Protein structure, dynamics and function

I use nuclear magnetic resonance (NMR) spectroscopy to study protein structure and dynamics and their relationship with protein function.  Examples of proteins I am interested in include kinases that are involved in cancer or parasitic infection and calmodulin that is a mediator of calcium signaling.  I am also interested in methodology, especially novel NMR experiments and isotopic labeling schemes.

Proteins

Proteins are essential to sustain all forms of life and each protein has a highly specialized function. The common explanation to why proteins can have such specific functions is that each protein has a unique structure and that this structure dictates its physical properties as well as which other molecules it can interact with. This is however a simplified picture. Proteins are dynamic and their structures fluctuate on a wide range of time scales and a complete understanding thus not only requires knowledge of static structures but also of which parts can move, how fast and how much and not the least when they do.

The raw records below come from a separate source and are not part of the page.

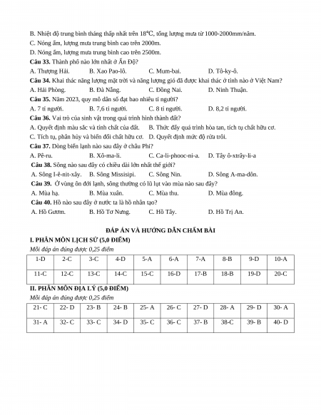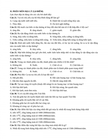 II. PHÂN MÔN ĐỊA LÝ (5,0 ĐIỂM)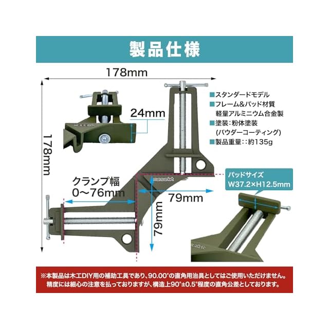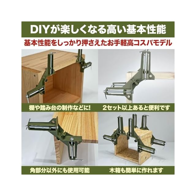 【使用用途】箱物、本棚、収納棚、机の引き出し、額縁、ベンチ、棚受けの制作など、直角での固定が必要な作業に重宝します。直角での接着や釘打ちネジ留めだけでなく、のこぎりでの切断作業時の固定など、幅広い用途で使用可能です。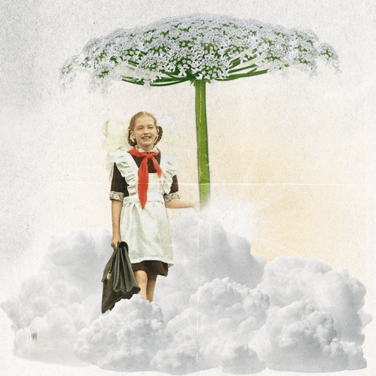 Как-то на даче, когда мы были маленькими, мне и моим друзьям рассказали историю о детях, которые играли с одним растением, представляя, что его стебель — бинокль или телескоп, и сожгли себе глаза. Так я узнала о борщевике. В тот же год в одном из учебников русского языка для начальной школы наш класс читал небольшой текст под названием «Борщевик». Автор восхвалял полезные свойства растения, а также предлагал сделать из стебля маленькую дудочку, которую в конце игры советовал не выбрасывать, а съесть — ведь борщевик «хрустящий, словно огурчик». Я не смогла найти этот рассказ в 2024-м году, но я точно помню, как возмутил меня весь текст, и особенно сравнение борщевика с огурцом. Я не знала, что существуют другие безопасные виды, такие как борщевик сибирский, который, вероятно, и упоминался в «Родной речи». Я была возмущена, ведь наша дача была усеяна борщевиком Сосновского. Описанный в 40-е годы и названный Идой Манденовой в честь ее учителя, он был выдернут из экосистемы Кавказа, в которой у того было свое место, и перемещен на поля агробиологических экспериментов. Предполагалось, что он поможет побороть послевоенный голод: силос должен был кормить скот, скот — людей, а люди — тоталитарную машину. Но борщевик сбежал. Вступив в жестокую коллаборацию с солнцем, он открыл в себе способность обжигать наши слизистые, кожу, язык. Я много думала о борщевике Сосновского, о том, как он, никого не трогавший в своем первоначальном ареале, стал уничтожать экосистемы и захватывать территории. Я думала о том, что при нагревании Земли коралловые рифы выцветают, а борщевик продвигается дальше, распускаясь скучными зонтиками. О том, что, однажды став жертвой неудачного эксперимента, он теперь навсегда — соцветие колониальности, милитаризма, научного невежества, патриархата, токсичности и однообразия форм. Я решила представить, как будет выглядеть планета, когда установится господство борщевика. Эту эпоху я назвала Heracleocene (или Борщевикоцен). Но я также решила не отказываться от надежды. Ей отдано не так много места, но для меня она — самое важное, что происходит в этой поэме; она — то, ради чего я искала этот язык.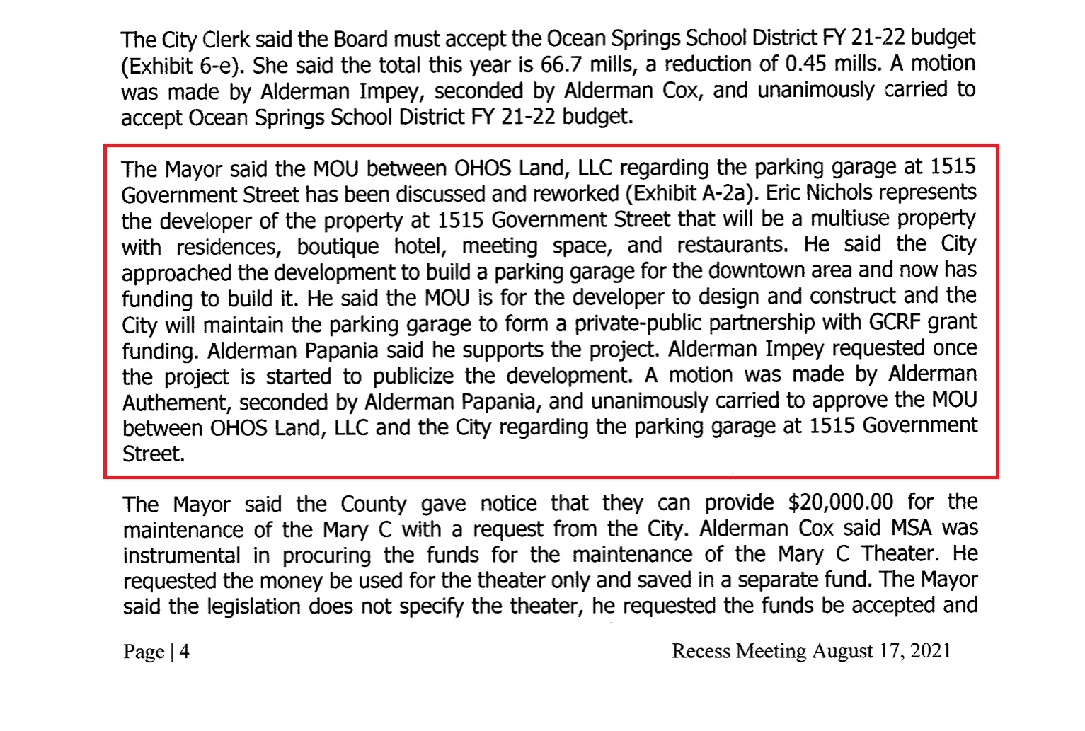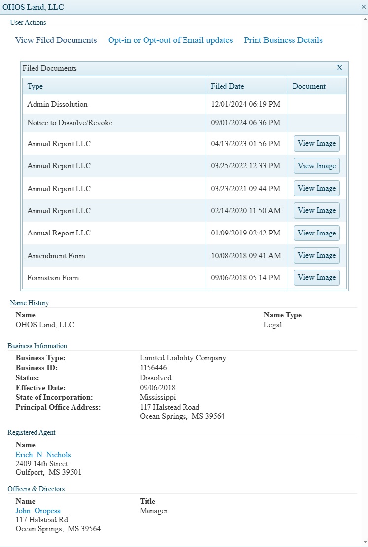 Adding to the confusion, the company Ocean Springs partnered with to get the grant — doesn’t exist anymore. The still effective MOU lists the City’s agreement is with OHOS Land LLC and OHOS Development LLC, however, only OHOS Land was on the grant application.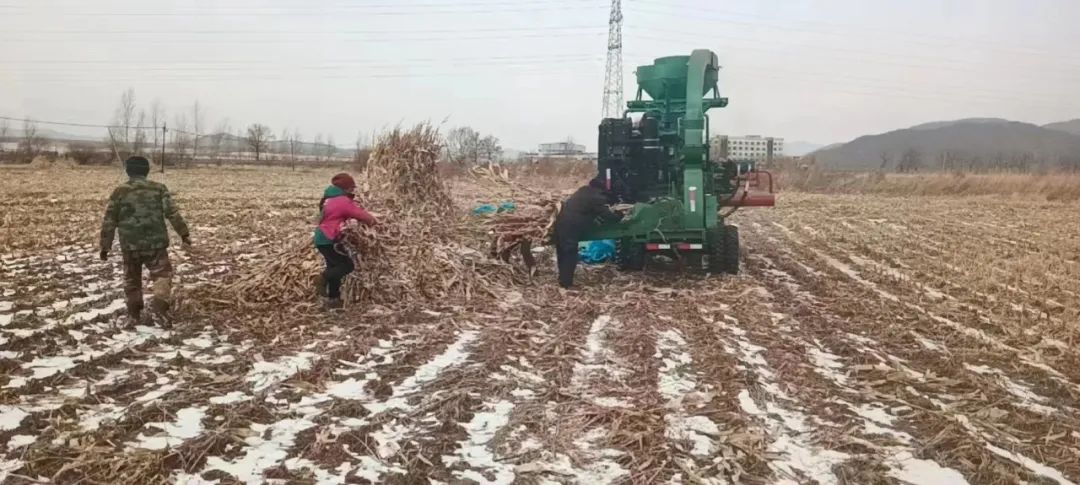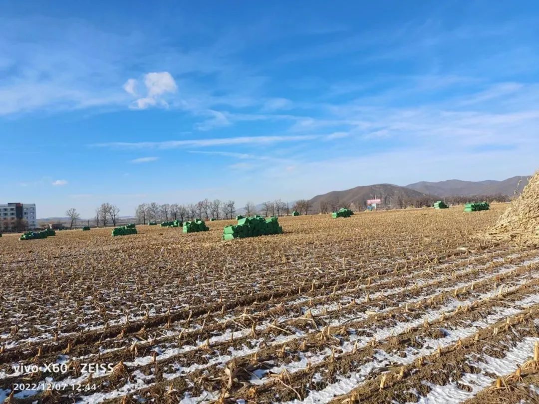 隆冬时节,永吉县口前镇蓝旗村的田间机声隆隆,4台大型秸秆打包机正在紧张地作业。成片的玉米秸秆被卷入打包机中,经过粉碎、除尘、压块后,一个个结实的秸秆捆包从车尾“翻滚”而出,散落到地上等待装车运走。

Four proteins of interest to my lab. Clockwise from top left: the kinase domain of EphB2, a PDZ domain from SAP97, calmodulin and TPMT.

NMR spectroscopy

Nuclear magnetic resonance, NMR, spectroscopy is uniquely suited to answer all these questions. NMR spectroscopy takes advantage of the fact that many atomic nuclei behave as tiny magnets that, just like ordinary magnets, can interact with external magnetic fields and with each other. Since it is possible to transfer magnetization between different nuclei in a distance dependent manner, it is possible to measure interatomic distances and thus to determine protein structures and because the shape of the NMR signal depends on motions it is possible to characterize these as well.

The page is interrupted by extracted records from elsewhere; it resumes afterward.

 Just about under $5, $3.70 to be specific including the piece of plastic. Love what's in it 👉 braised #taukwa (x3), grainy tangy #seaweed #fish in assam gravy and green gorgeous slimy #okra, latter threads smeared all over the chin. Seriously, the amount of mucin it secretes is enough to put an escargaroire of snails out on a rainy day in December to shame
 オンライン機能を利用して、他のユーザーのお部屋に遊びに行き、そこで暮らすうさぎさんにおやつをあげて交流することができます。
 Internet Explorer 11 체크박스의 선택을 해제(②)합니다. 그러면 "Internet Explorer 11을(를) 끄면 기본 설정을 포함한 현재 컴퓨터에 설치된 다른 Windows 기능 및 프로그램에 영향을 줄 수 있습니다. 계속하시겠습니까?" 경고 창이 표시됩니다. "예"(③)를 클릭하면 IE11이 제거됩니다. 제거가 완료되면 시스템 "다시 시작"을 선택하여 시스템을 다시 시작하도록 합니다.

Our 600 MHz (left) and 500 MHz (right) NMR spectrometers.

A particularly powerful application of NMR spectroscopy, Carr-Purcell-Meiboom-Gill (CPMG) relaxation dispersion, allows a very detailed characterization of protein dynamics on the biologically relevant millisecond time-scale in which all rate constants, the populations of all exchanging states as well as the chemical shifts of all excited states even if their low population precludes their direct observation in the NMR spectra. This is very interesting since the chemical shifts in principle encodes the structure.

Projects

        I am studying a class of kinases where protein dynamics are crucial for function. Since kinases are important for signalling and also implicated in various forms of cancers, this is interesting from a medical point of view. Another project aims at characterizing the conformational reorginization of calmodulin upon calcium binding in as much detail as possible.

        I am also involved in development of new methodology, especially new or improved relaxation dispersion experiments and selective isotopic labeling schemes.